Making Work
The Wage Curve After the Great Recession
David Blanchflower, Alex Bryson & Jackson Spurling
NBER Working Paper, August 2022
Abstract:
Most economists maintain that the labor market in the United States is 'tight' because unemployment rates are low. They infer from this that there is potential for wage-push inflation. However, real wages are falling rapidly at present and, prior to that, real wages had been stagnant for some time. We show that unemployment is not key to understanding wage formation in the USA and hasn't been since the Great Recession. Instead, we show rates of under-employment (the percentage of workers with part-time hours who would prefer more hours) and the rate of non-employment which includes both the unemployed and those out of the labor force who are not working significantly reduce wage pressures in the United States. This finding holds in panel data with state and year fixed effects and is supportive of a wage curve which fits the data much better than a Phillips Curve. We find no role for vacancies; the V:U ratio is negatively not positively associated with wage growth since 2020. The implication is that the reserve army of labor which acts as a brake on wage growth extends beyond the unemployed and operates from within and outside the firm.
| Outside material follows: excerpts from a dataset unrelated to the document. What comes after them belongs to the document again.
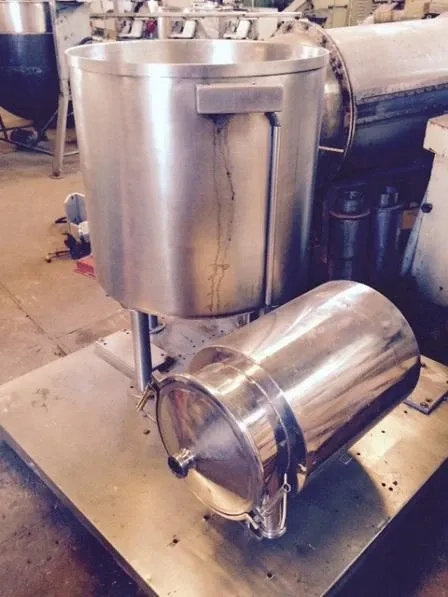 Tacho misturador. Equipamento com bomba de transferência e misturador em aço inox. Extração do produto via rosca.
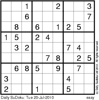 The Daily SuDoku: Tue 20-Jul-2010
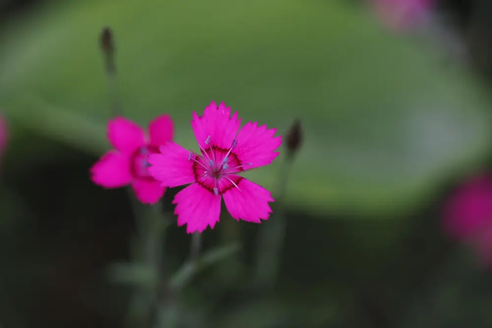 Blomsten er liten, men intenst fargesterk. Blå pollenknapper løfter seg opp fra den skarpt rosa blomsten. Foto: Mari Marstein/ MiA
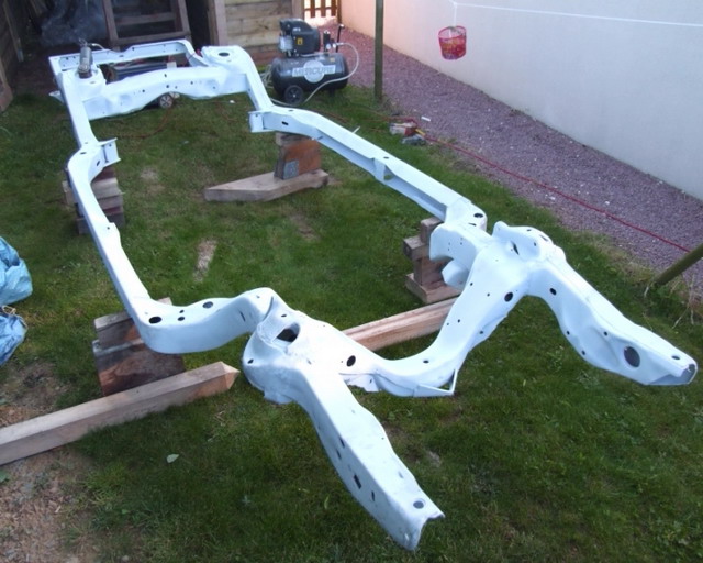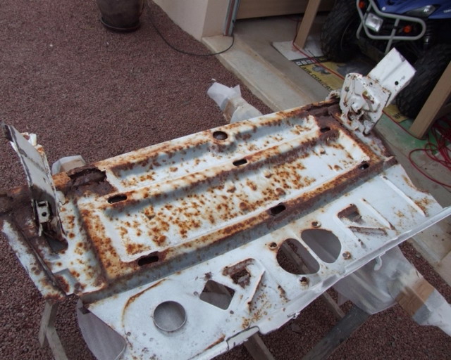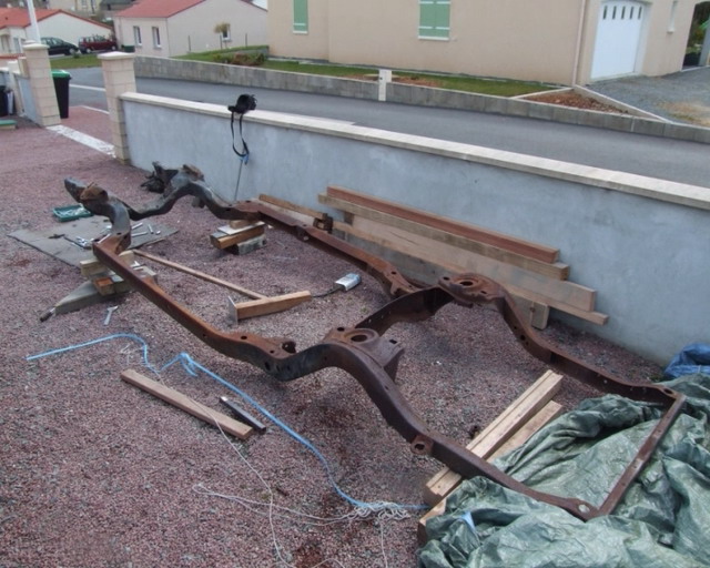 j'ai commencé par faire 800 photos, j'ai pris des notes, fait des croquis et j'ai tout démonté de A jusqu'à Z en prenant des clichés partout; après une période d'au moins 6 mois j'ai fait sablé le châssis mais pas la caisse pour des raisons de budget mais aussi par peur qu'il ne reste rien, aussi j'ai donc joué de la disqueuse avec brosses métalliques, des heures, des jours...j'ai bouffé de la merde, (j'ai vu sur ton site que je n'était pas le seul
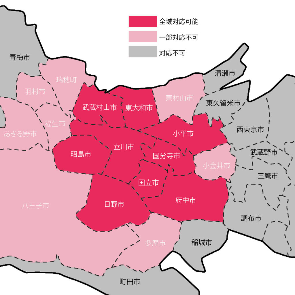 立川市・日野市・昭島市・東大和市・国立市・国分寺市・府中市・小平市・武蔵村山市
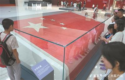 中国国家博物馆展厅里,开国大典时毛主席按下电钮升起的五星红旗、曾联松设计的国旗图案原稿、杨利伟航天服左臂上的五星红旗……旗帜已刻上时代烙印。
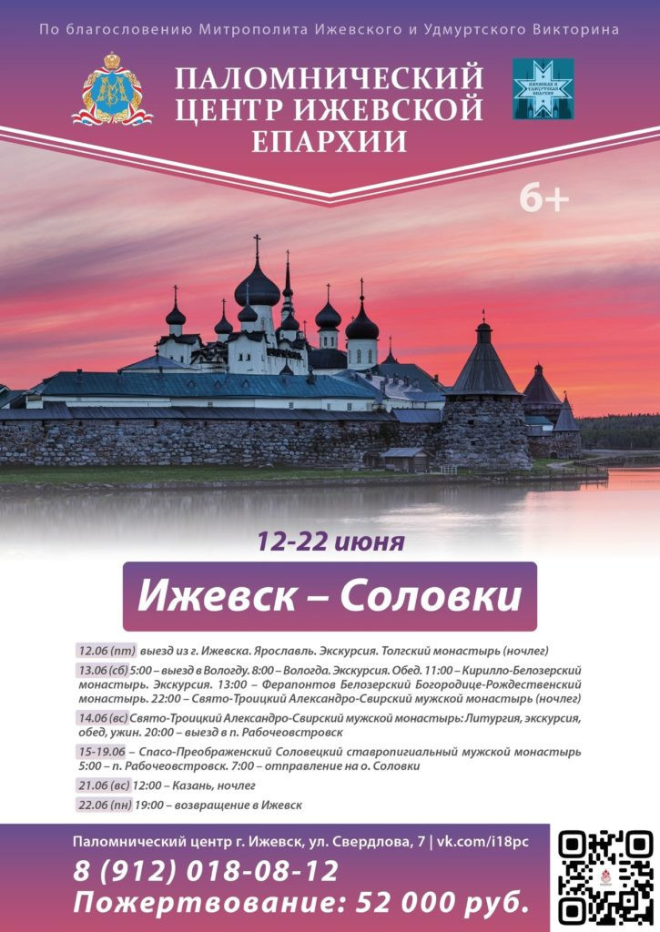 Паломнический центр Ижевской епархии приглашает в поездку на Соловецкие острова с 12 по 22 июня
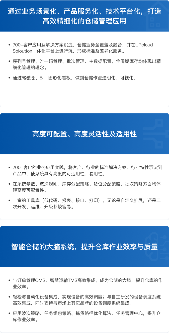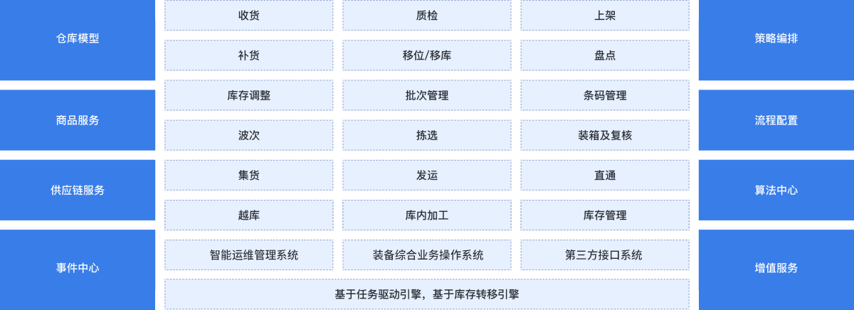 智慧倉儲WMS是倉庫管理的大腦,主要是面向入庫業(yè)務(wù)管理(收貨,質(zhì)檢,上架),出庫業(yè)務(wù)管理(波次,揀選,裝箱及復(fù)核,集貨),庫內(nèi)業(yè)務(wù)管理(補貨,移位/移庫,盤點,庫存狀態(tài)變化管理,庫存調(diào)整,批次管理),增值業(yè)務(wù)(庫內(nèi)加工,貨主轉(zhuǎn)換,商品追溯、條碼管理、智能運維管理系統(tǒng)、裝備綜合業(yè)務(wù)操作系統(tǒng)),主數(shù)據(jù)管理,產(chǎn)品集成供應(yīng)鏈行業(yè)具體應(yīng)用場景的算法服務(wù),可進一步提升業(yè)務(wù)執(zhí)行效率,助力企業(yè)數(shù)智化升級。
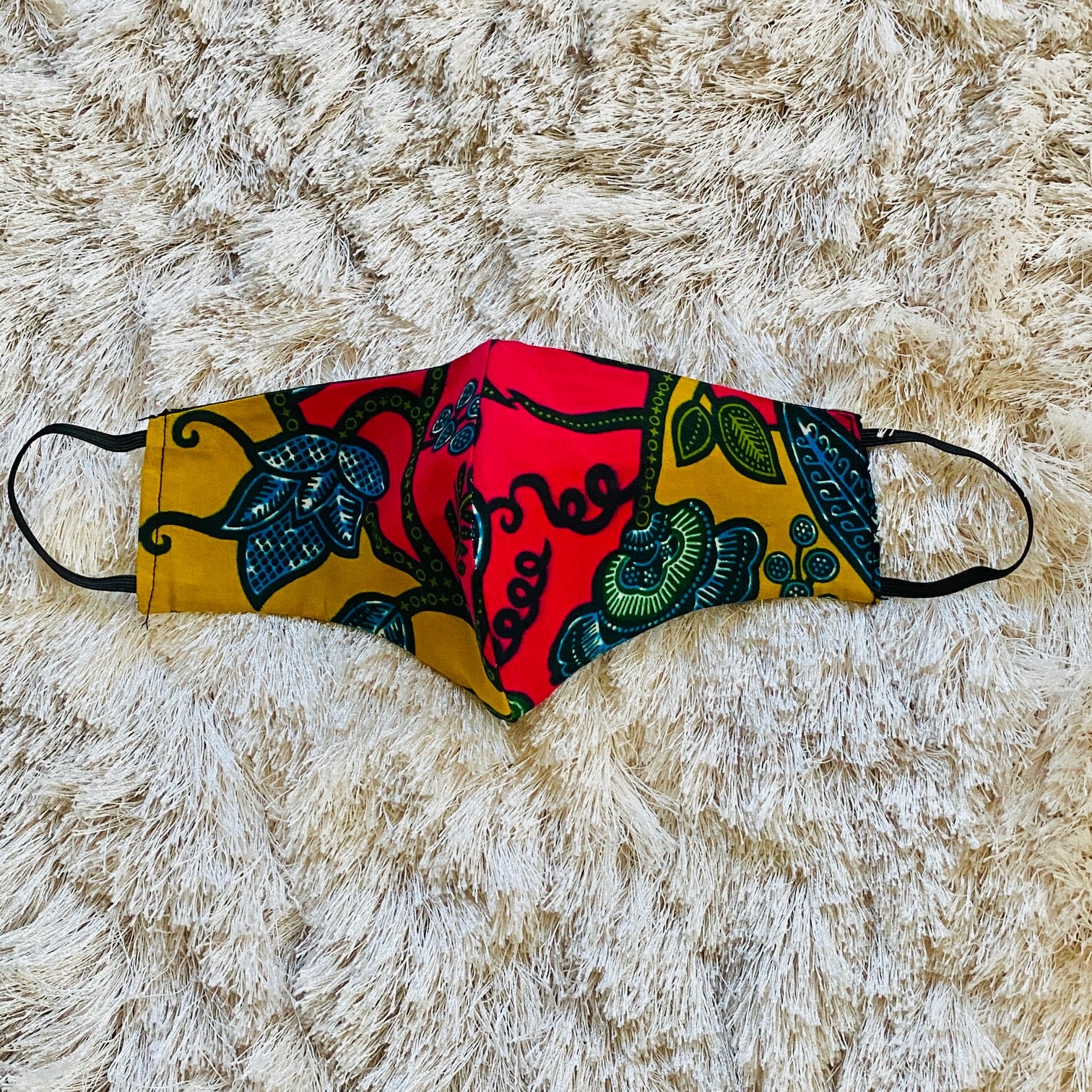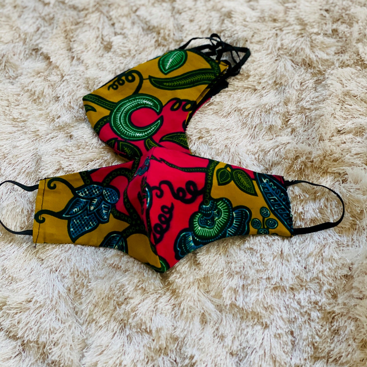 Handmade African print masks. Breathable quality 100% cotton, double-layered, non-surgical, soft elastic ear loops. This mask does not have pockets for filters.

Automation After the Assembly Line: Computerized Machine Tools, Employment and Productivity in the United States
Leah Platt Boustan, Jiwon Choi & David Clingingsmith
NBER Working Paper, August 2022
Abstract:
Since the 1970s, computerized machine tools have been replacing semi-skilled manufacturing workers, contributing to factory automation. We build a novel measure of exposure to computer numerical control (CNC) based on initial variation in tool types across industries and differential shifts toward CNC technology by tool type over time. Industries more exposed to CNC increased capital investment and experienced higher labor productivity. Total employment rose, with gains for college-educated workers and abstract tasks compensating for losses of less-educated workers and routine tasks. Employment gains were strongest for unionized jobs. Workers in exposed industries returned to school and relevant degree programs expanded.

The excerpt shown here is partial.